Repeat the following entries exactly, excluding pictures.

Information supplied Start Marker

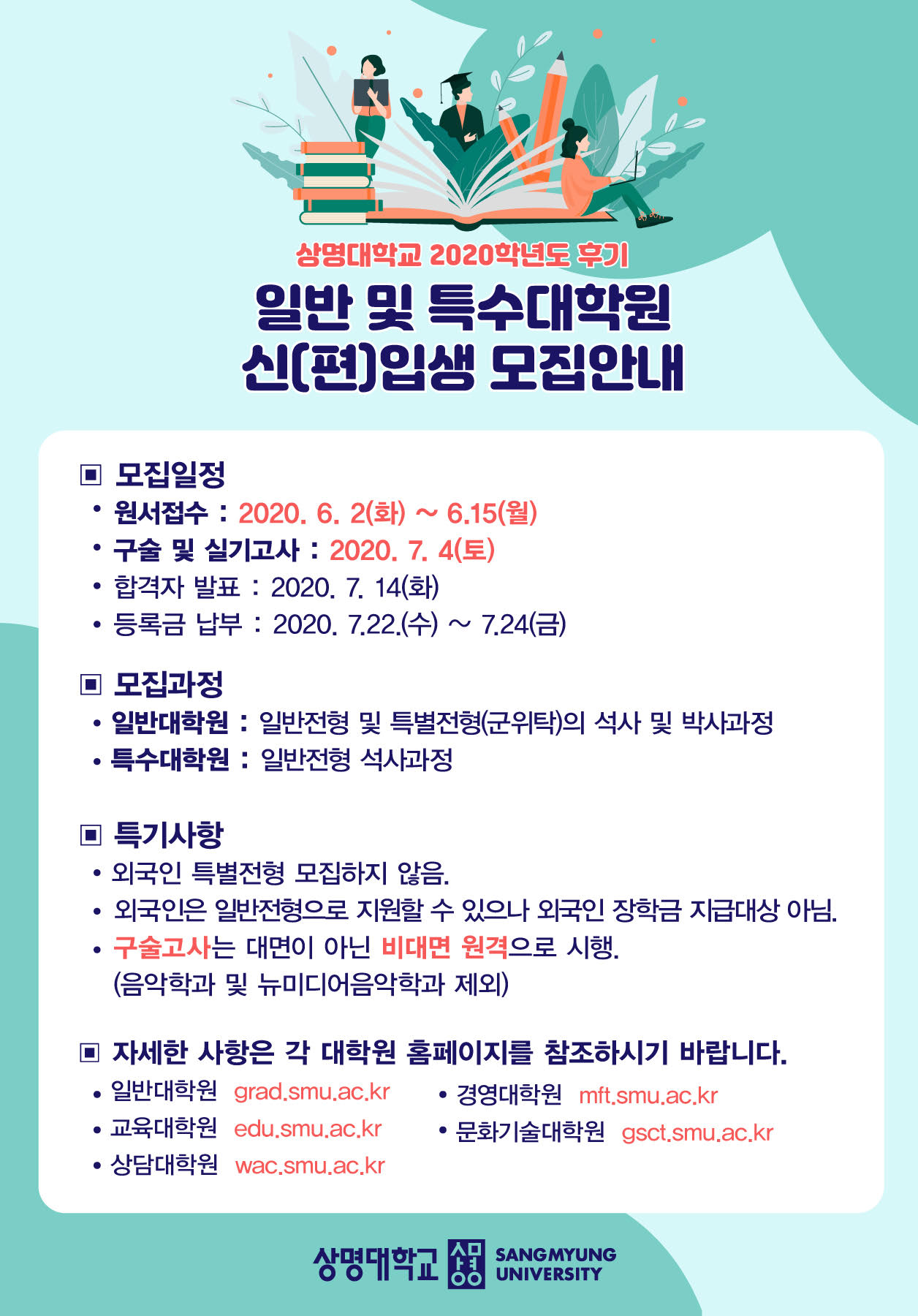 - [2020학년도] 일반대학원 무용학과 후기 신[편]입생 모집안내 (특별전형제외)
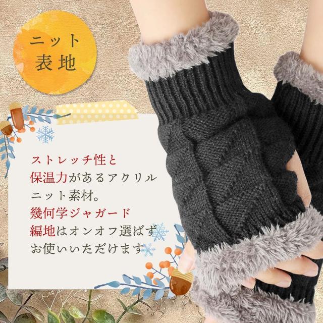| 商品の説明 | 外側はニットで内側はふわふわ!あったかくおしゃれに。 指開きタイプで作業やスマホ操作の邪魔にならない! 指なし手袋型ハンドウォーマー。 ●ほわほわホカホカな裏地 肌触りが良く保温力が高いシャギーを裏地までたっぷりあしらいました。 手元をかわいく暖めるおしゃれなアイテムです。 ●屋外でも屋内でも、オンオフ問わず使いやすいデザイン ストレッチ性と保温力があるアクリルニット素材。 幾何学ジャガード編地はオンオフ選ばずお使いいただけます ●フィンガーレスタイプ 指の部分がカットされたデザインなので、寒い日でも作業がはかどる! スマホ・タイピング・メモなど、さまざまなシーンで大活躍♪ ●親指部分のカットにこだわり スマホ操作で特に使う親指部分は、動かしやすいように根本からカットオフしました。 ほんのちょっとの工夫がとっても便利を生み出しました。 自分へのごほうびやプレゼントにもピッタリ 今年の冬もおしゃれに温活してみませんか? イベント ギフト 暖かい かわいい |
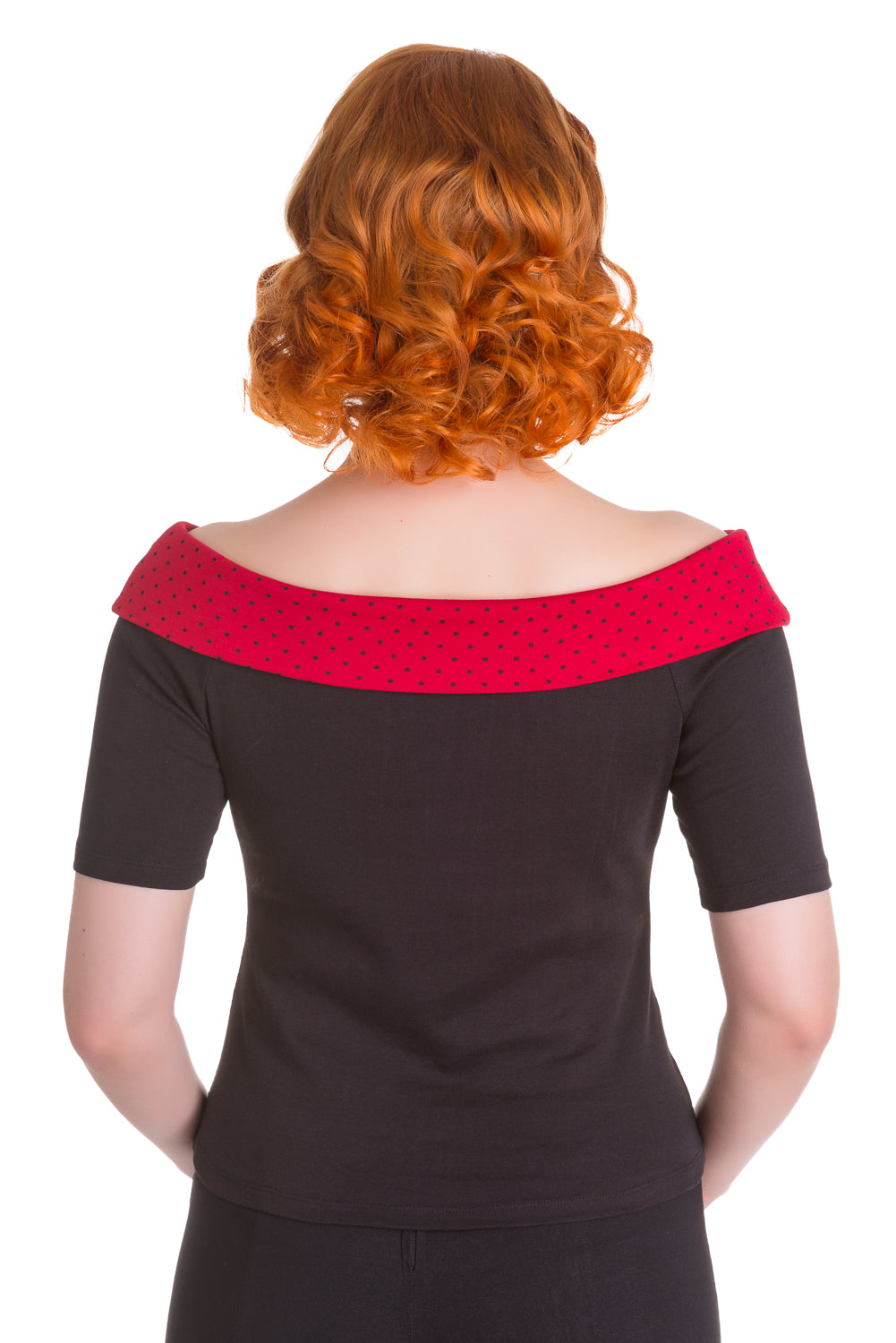 Hell Bunny CHLOE Polka Dots PUNKTE Red Collar Carmen Top / SHIRT
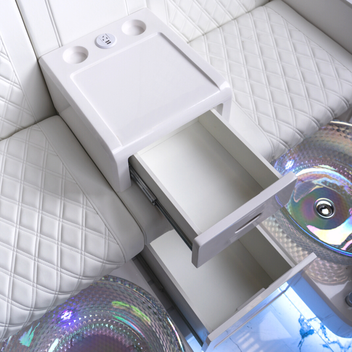 The center console is equipped with built-in cup holders, USB and AC outlets. No more low battery anxiety. Comes with 2 pull-out drawers for extra storage.
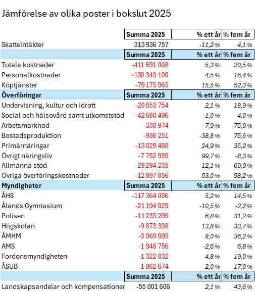 Den här veckans stora händelse i landskapsregeringen var bokslutet för 2025 som blev offentligt i torsdags. Det är en grym läsning som alldeles tydligt visar varför vi i den här regeringen håller på med våra ”resultatförbättringar”.
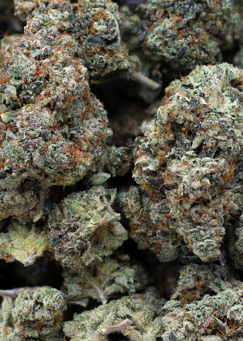 A perennial favorite, Green Crack is a sativa-dominant hybrid that was bred by inbreeding Skunk #1. Green Crack is usually sativa-dominant, but there’s also a less popular indica-heavy version of the strain. Green Crack got its name from Snoop Dogg, though it’s also known as Green Cush or simply Cush among smokers who prefer not to reference cocaine. This highly addictive strain is massively potent, with top THC levels reaching 24%. It has a sativa/indica ratio of 65:35. The high is decidedly cerebral, with a big mood boost and a jolt of energy. This strain spurs creativity and helps patients get things done. It’s most effective in treating anxiety and depression, along with ADHD, PTSD, and migraines. Green Crack has a sweet flavor with tropical and citrus notes. The buds are dense and tight. Dry mouth occurs frequently, while dry eyes, dizziness, and paranoia, happen less often. It’s most common in the Pacific Northwester, California, Arizona, and Colorado. But it can be found almost anywhere else with relative ease. It’s one of the most popular strains on the black market for this reason.
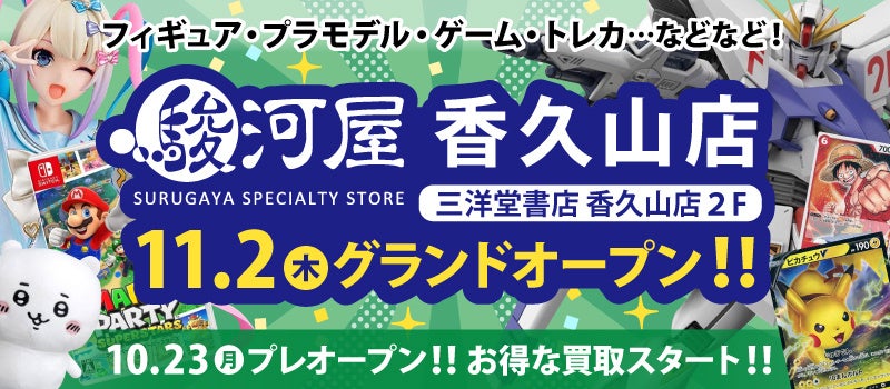 Mio香久山向かいにある「三洋堂書店 香久山店」2Fに「駿河屋」がオープンいたします!
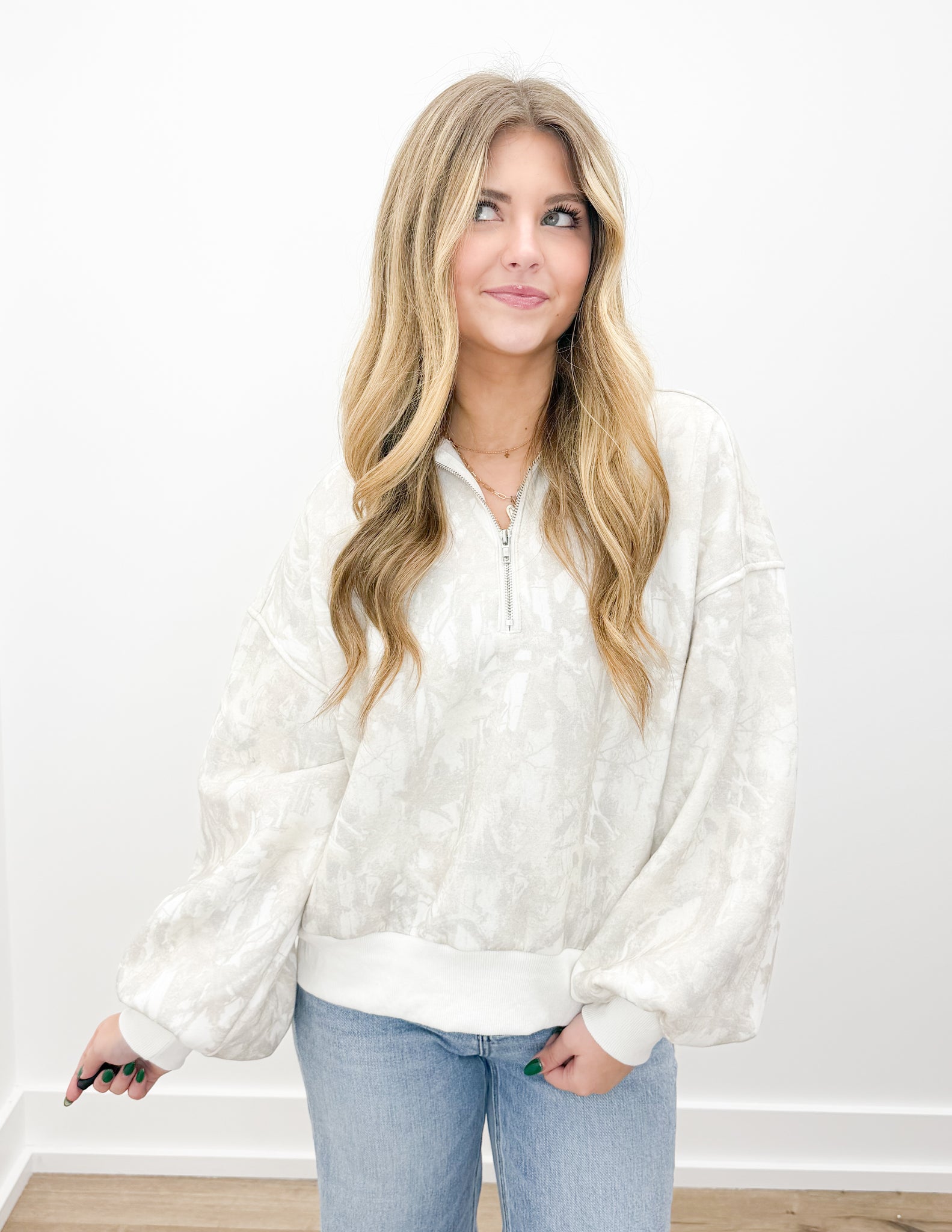 Obsessed is an understatement This half-zip pullover is all about chill vibes with its soft cloud-dye print and cozy fleece inside. The oversized fit high neck major comfy points, and the zip-up style gives it that cool-girl edge. Rock it with the matching skirt or throw it on with jean either way, you’re gonna look Total closet fave
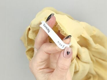 Sukienka Sinsay, rozmiar S - Kolor: intensywny musztardowy/żółty - Fason: mini, rozkloszowana od talii - Dekolt: prostokątny - Rękawy: krótkie bufiaste z gumką - Materiał: lekko marszczony/krepono...
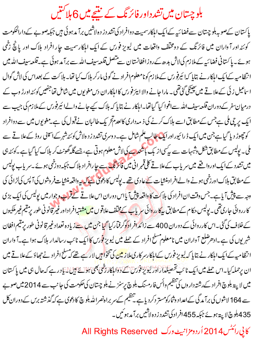 Violence And Firing In Balochistan As A Result Of 6 Deaths
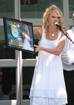 With Taylor Swift, she became the first female country music artist to write or co-write every track on a platinum-certified debut album. The album was promoted by a six-month radio tour and Swift’s opening for other country artists, including Rascal Flatts in 2006, and George Strait, Brad Paisley, and Tim McGraw and Faith Hill in 2007. She opened for Rascal Flatts again in 2008, when she dated the singer Joe Jonas.
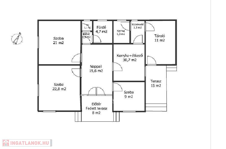 Az ingatlan belső elrendezése nagyon partikus: minden helyiség külön-külön nyílik a nappaliból. A házhoz az udvar felöl nagyobb tároló és udvarra néző terasz kapcsolódik. A melléképület és a kert akár gazdálkodásra is alkalmassá teszi az ingatlant.
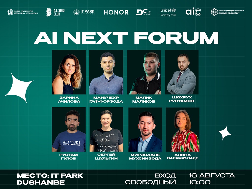 16 августа в IT-парке Душанбе состоится AI NEXT FORUM — однодневный форум о реальном применении искусственного интеллекта в бизнесе, финтехе и повседневной жизни.
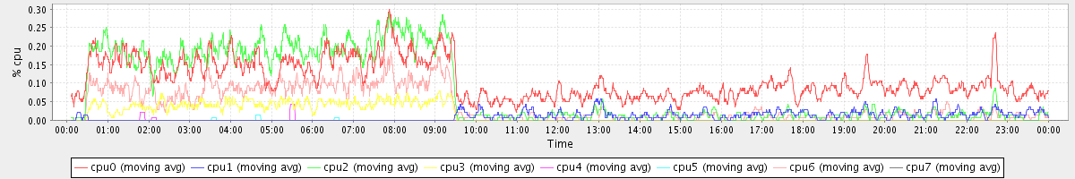 avg(cpu0) = 1.68 avg(cpu1) = 0.18 avg(cpu2) = 0.25 avg(cpu3) = 0.17 avg(cpu4) = 0.12 avg(cpu5) = 0.14 avg(cpu6) = 0.18 avg(cpu7) = 0.12
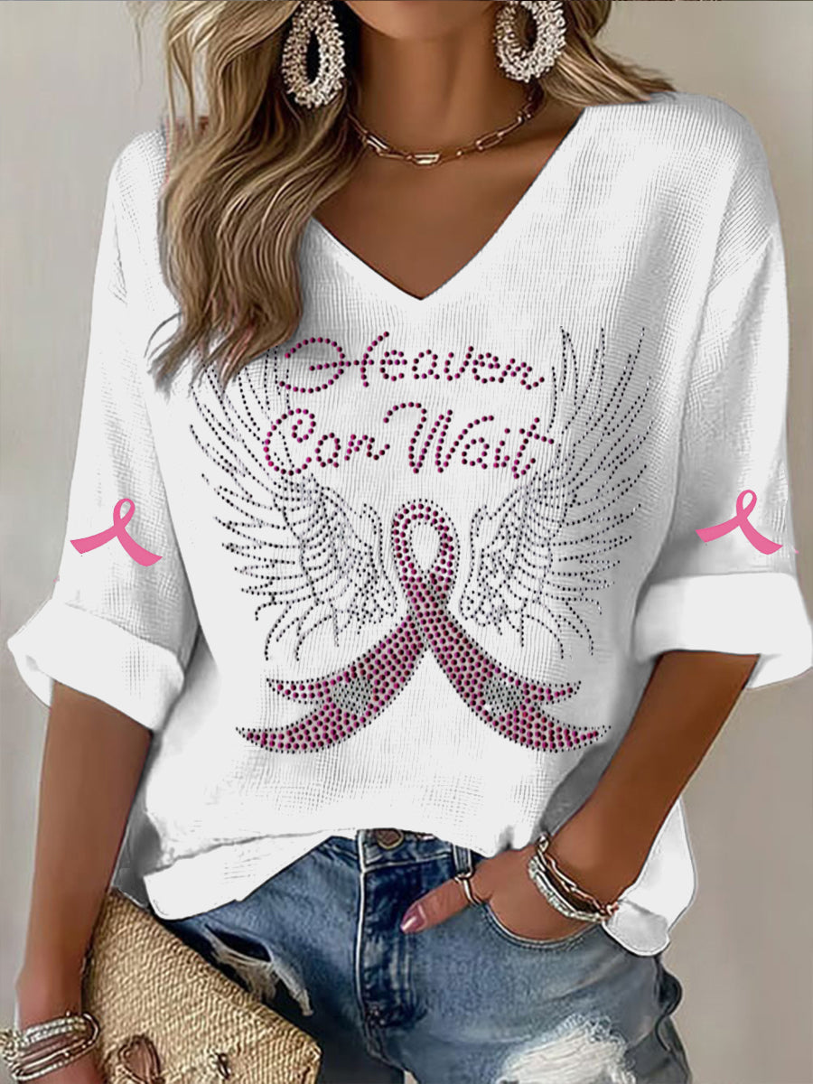 Dámské diamantové stuhy čisté bílé neformální v-neck s dlouhým rukávem košile
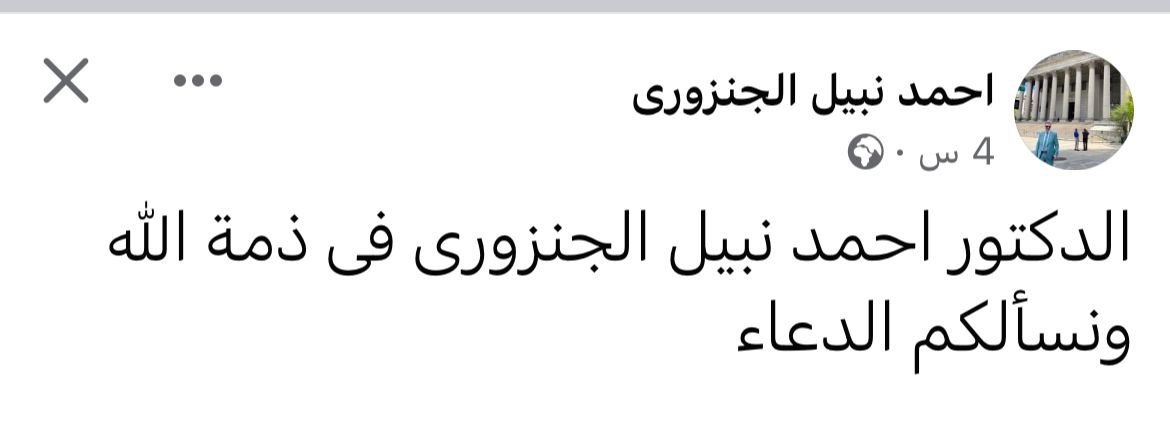ونشرت الصفحة الشخصية للدكتور أحمد الجنزوري المحامى على موقع التواصل الاجتماعي "فيس بوك": الدكتور أحمد نبيل الجنزورى فى ذمة الله ونسألكم الدعاء"، في صدمة كبيرة لأصدقاءه ومتابعى صفحته معربين عن حزنهم الكبير على رحيله.

Information supplied End Marker

[Expected answer]
 - [2020학년도] 일반대학원 무용학과 후기 신[편]입생 모집안내 (특별전형제외)
| 商品の説明 | 外側はニットで内側はふわふわ!あったかくおしゃれに。 指開きタイプで作業やスマホ操作の邪魔にならない! 指なし手袋型ハンドウォーマー。 ●ほわほわホカホカな裏地 肌触りが良く保温力が高いシャギーを裏地までたっぷりあしらいました。 手元をかわいく暖めるおしゃれなアイテムです。 ●屋外でも屋内でも、オンオフ問わず使いやすいデザイン ストレッチ性と保温力があるアクリルニット素材。 幾何学ジャガード編地はオンオフ選ばずお使いいただけます ●フィンガーレスタイプ 指の部分がカットされたデザインなので、寒い日でも作業がはかどる! スマホ・タイピング・メモなど、さまざまなシーンで大活躍♪ ●親指部分のカットにこだわり スマホ操作で特に使う親指部分は、動かしやすいように根本からカットオフしました。 ほんのちょっとの工夫がとっても便利を生み出しました。 自分へのごほうびやプレゼントにもピッタリ 今年の冬もおしゃれに温活してみませんか? イベント ギフト 暖かい かわいい |
 Hell Bunny CHLOE Polka Dots PUNKTE Red Collar Carmen Top / SHIRT
 The center console is equipped with built-in cup holders, USB and AC outlets. No more low battery anxiety. Comes with 2 pull-out drawers for extra storage.
 Den här veckans stora händelse i landskapsregeringen var bokslutet för 2025 som blev offentligt i torsdags. Det är en grym läsning som alldeles tydligt visar varför vi i den här regeringen håller på med våra ”resultatförbättringar”.
 A perennial favorite, Green Crack is a sativa-dominant hybrid that was bred by inbreeding Skunk #1. Green Crack is usually sativa-dominant, but there’s also a less popular indica-heavy version of the strain. Green Crack got its name from Snoop Dogg, though it’s also known as Green Cush or simply Cush among smokers who prefer not to reference cocaine. This highly addictive strain is massively potent, with top THC levels reaching 24%. It has a sativa/indica ratio of 65:35. The high is decidedly cerebral, with a big mood boost and a jolt of energy. This strain spurs creativity and helps patients get things done. It’s most effective in treating anxiety and depression, along with ADHD, PTSD, and migraines. Green Crack has a sweet flavor with tropical and citrus notes. The buds are dense and tight. Dry mouth occurs frequently, while dry eyes, dizziness, and paranoia, happen less often. It’s most common in the Pacific Northwester, California, Arizona, and Colorado. But it can be found almost anywhere else with relative ease. It’s one of the most popular strains on the black market for this reason.
 Mio香久山向かいにある「三洋堂書店 香久山店」2Fに「駿河屋」がオープンいたします!
 Obsessed is an understatement This half-zip pullover is all about chill vibes with its soft cloud-dye print and cozy fleece inside. The oversized fit high neck major comfy points, and the zip-up style gives it that cool-girl edge. Rock it with the matching skirt or throw it on with jean either way, you’re gonna look Total closet fave
 Sukienka Sinsay, rozmiar S - Kolor: intensywny musztardowy/żółty - Fason: mini, rozkloszowana od talii - Dekolt: prostokątny - Rękawy: krótkie bufiaste z gumką - Materiał: lekko marszczony/krepono...
 Violence And Firing In Balochistan As A Result Of 6 Deaths
 With Taylor Swift, she became the first female country music artist to write or co-write every track on a platinum-certified debut album. The album was promoted by a six-month radio tour and Swift’s opening for other country artists, including Rascal Flatts in 2006, and George Strait, Brad Paisley, and Tim McGraw and Faith Hill in 2007. She opened for Rascal Flatts again in 2008, when she dated the singer Joe Jonas.
 Az ingatlan belső elrendezése nagyon partikus: minden helyiség külön-külön nyílik a nappaliból. A házhoz az udvar felöl nagyobb tároló és udvarra néző terasz kapcsolódik. A melléképület és a kert akár gazdálkodásra is alkalmassá teszi az ingatlant.
 16 августа в IT-парке Душанбе состоится AI NEXT FORUM — однодневный форум о реальном применении искусственного интеллекта в бизнесе, финтехе и повседневной жизни.
 avg(cpu0) = 1.68 avg(cpu1) = 0.18 avg(cpu2) = 0.25 avg(cpu3) = 0.17 avg(cpu4) = 0.12 avg(cpu5) = 0.14 avg(cpu6) = 0.18 avg(cpu7) = 0.12
 Dámské diamantové stuhy čisté bílé neformální v-neck s dlouhým rukávem košile
ونشرت الصفحة الشخصية للدكتور أحمد الجنزوري المحامى على موقع التواصل الاجتماعي "فيس بوك": الدكتور أحمد نبيل الجنزورى فى ذمة الله ونسألكم الدعاء"، في صدمة كبيرة لأصدقاءه ومتابعى صفحته معربين عن حزنهم الكبير على رحيله.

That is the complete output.